I agree that we have to reconsider the state's role but it cannot withdraw from a clearly defined responsibility in co-operation with other parties engaging in art's creation and financing. A new focus on the co-operation between states in this respect is also important. Iceland's co-operation with other nations within the framework of the Nordic Council and on the basis of the agreement of the European Economic Area is a clear confirmation of a policy that has been formulated and implemented, respecting the culture of small nations and strengthening it by co-operation with others.
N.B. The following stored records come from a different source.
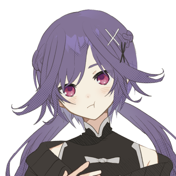 深いスリット入り漆黒チャイナドレスに肩出しカーディガン、黒のロングブーツ。薄紫の髪を後ろでぴょこっと二つに分けピンクのような瞳が特徴。
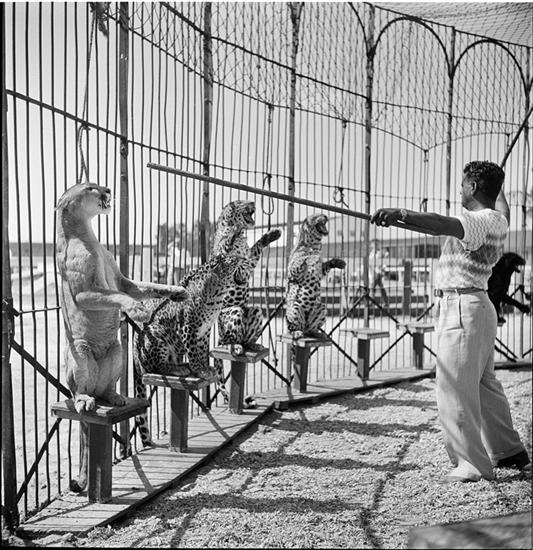Circus [Ringmaster, with elephants and trainer in the background.]
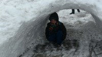 Zonguldak'ta 2 gündür devam eden kar yağışı sonrası dükkanların önü yarım metreyi aşan karla kaplandı.
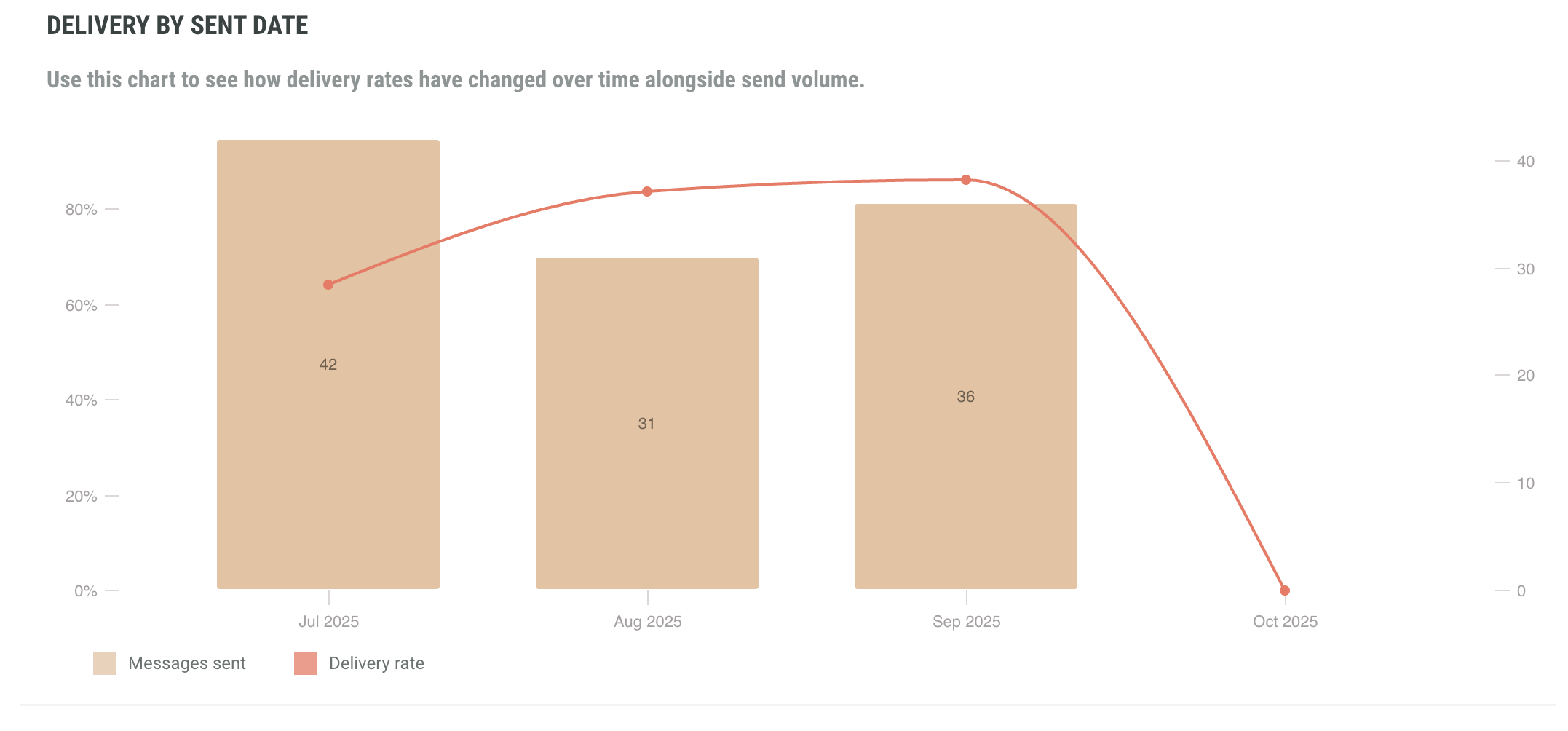 The Delivery by Sent Date report shows how delivery rates have changed over time alongside the send volume.
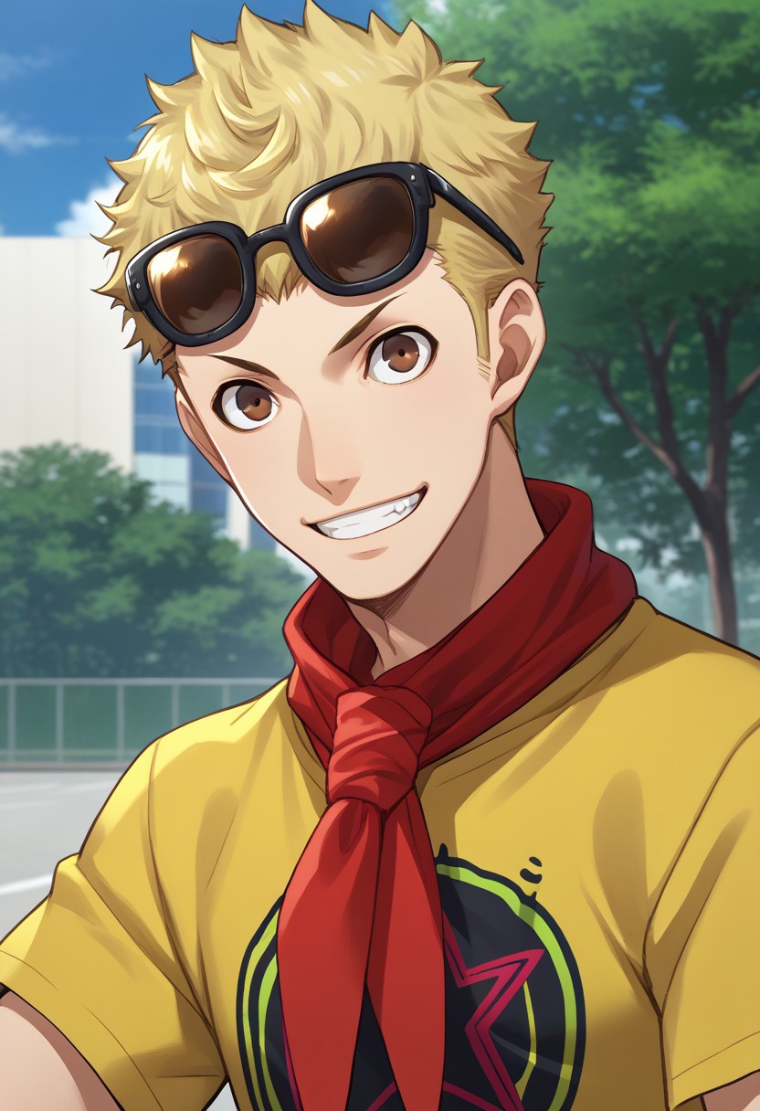 ryuji, 1boy, male focus solo, brown eyes, blonde hair, short hair, sunglasses, eyewear on head, shirt, t-shirt, yellow shirt, print shirt, short sleeves, scarf, red scarf, belt, pants, plaid, plaid pants, shoes, yellow footwear, jewelry, bracelet,
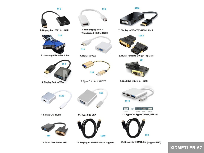 Hər növ kabel, konvertor və hub var satışda .Qiymətlər məhsulun kefiyyətinə görə dəyişir .
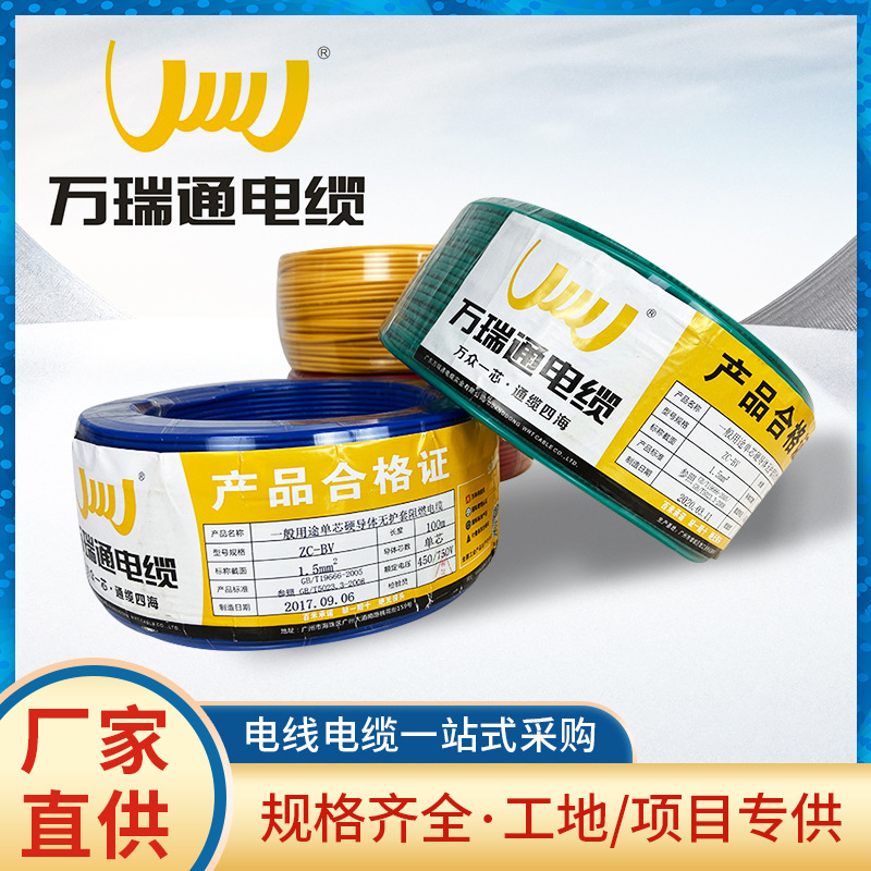 万瑞通电线ZR-BVR BV1.5 2.5 4平方国标阻燃铜芯多股家装照明软线
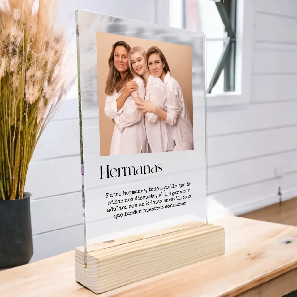 Celebra tu conexión especial con tu hermana con nuestro portafotos de metacrilato con una foto y una frase conmovedoras. Un regalo perfecto para expresar cuánto aprecias su vínculo. ¡Sorpréndela con esta pieza única y duradera!
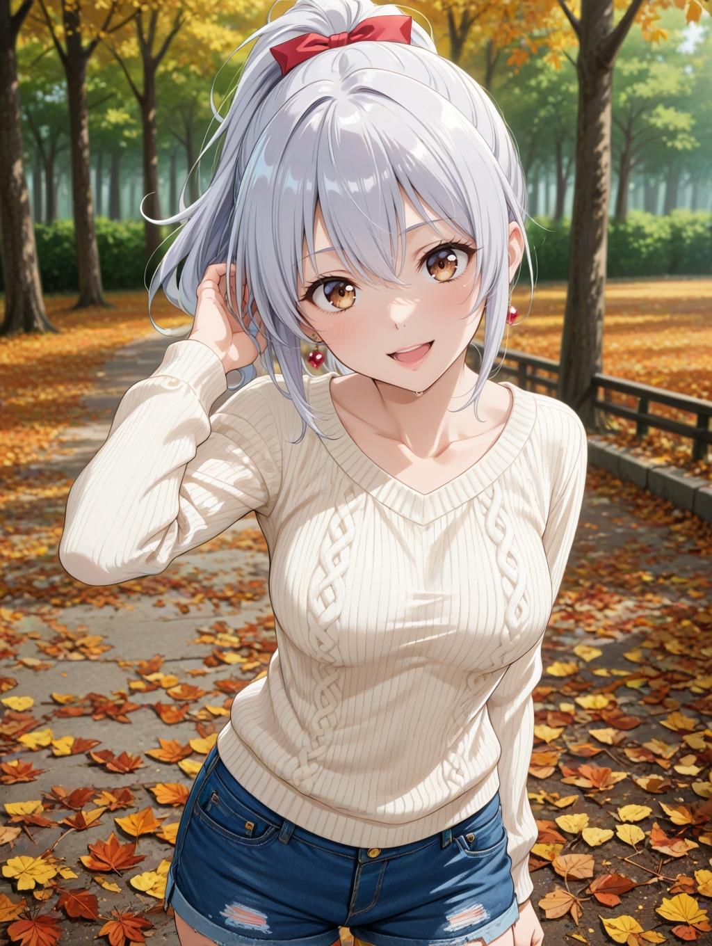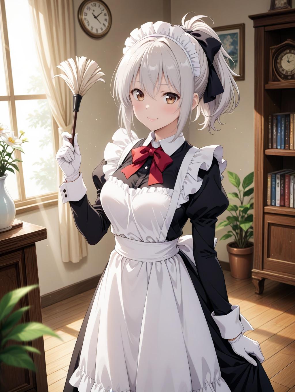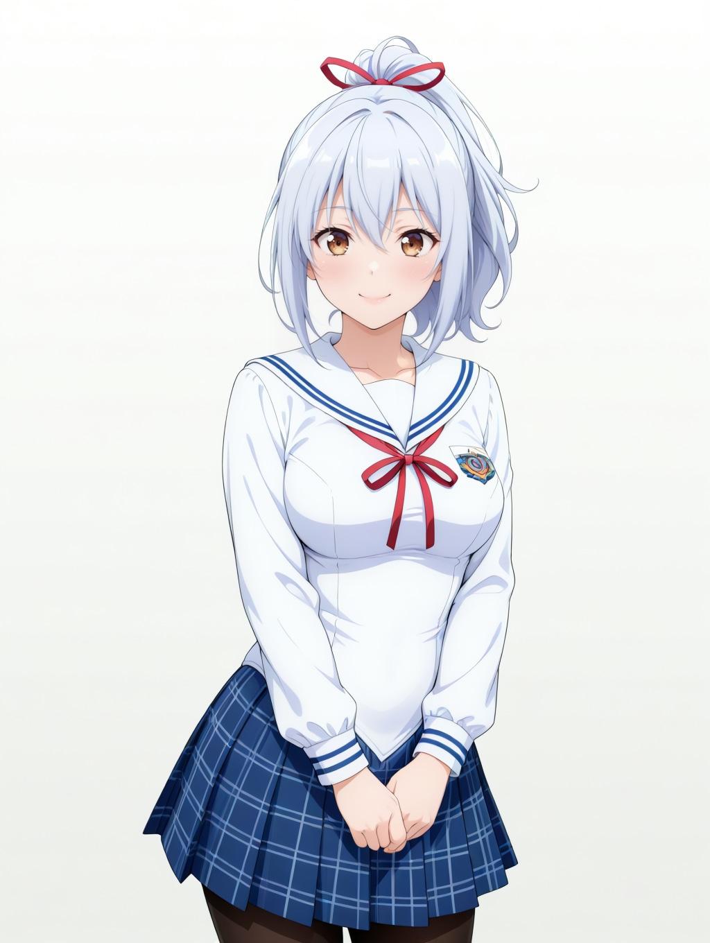 1girl,bishoujo,teen,(brown eyes:1.2),bangs,silver hair,ponytail,gradient,ponytail tied with red ribbon,medium breasts,hair between eyes
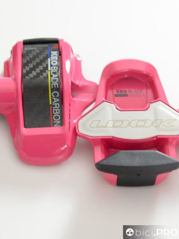 Una delle caratteristiche tecniche principali è l’aumento della superficie di appoggio, che nel nuovo Blade Carbon si amplia a 705 millimetri quadrati (in precedenza era 700). Il corpo del pedale è in carbonio. La tacchetta appoggia completamente sull’area superiore del pedale, con dei vantaggi tangibili sulla ripartizione delle masse durante le fasi di spinta e trazione. Le tacchette Look Keonon sono cambiate.
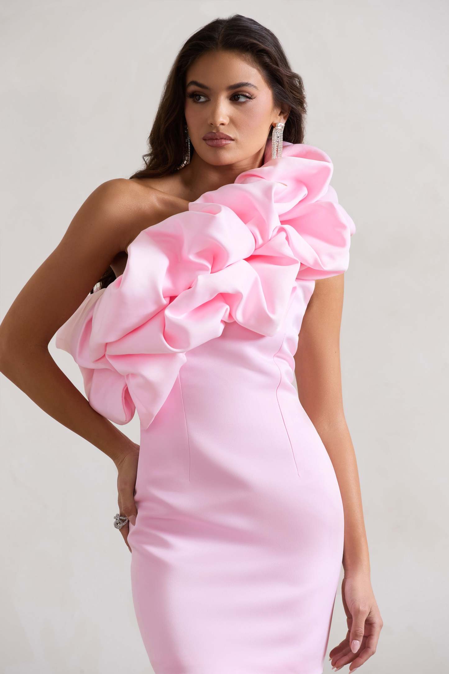 Our asymmetric mini dress At The Opera is characterised by an extravagant display of ruffles. Crafted in luxurious pink satin. this figure-skimming piece is perfect for all black tie occasions. Try pairing this mini with a sleek bun to show off its statement neckline.

We must use the new opportunities and cooperation to create a space for artists as well as to protect their rights.

Mr. Chairman

I have touched upon a few key points, without however putting forward any specific proposals regarding the texts presented for approval. It is my opinion, that these texts reflect the expectations attached to this conference. We must never forget that the role of the state should be to ensure sufficient scope for the creative powers to flourish on their own premises. Any restrictions, be they local or international, and any tendencies to control the content of creativity will reduce creative diversity. We are not gathered here in Stockholm to limit our cultural opportunities - we are here to stimulate the strength of creativity to confirm the power of culture. By doing that we open up new dimensions and build a better and more peaceful future.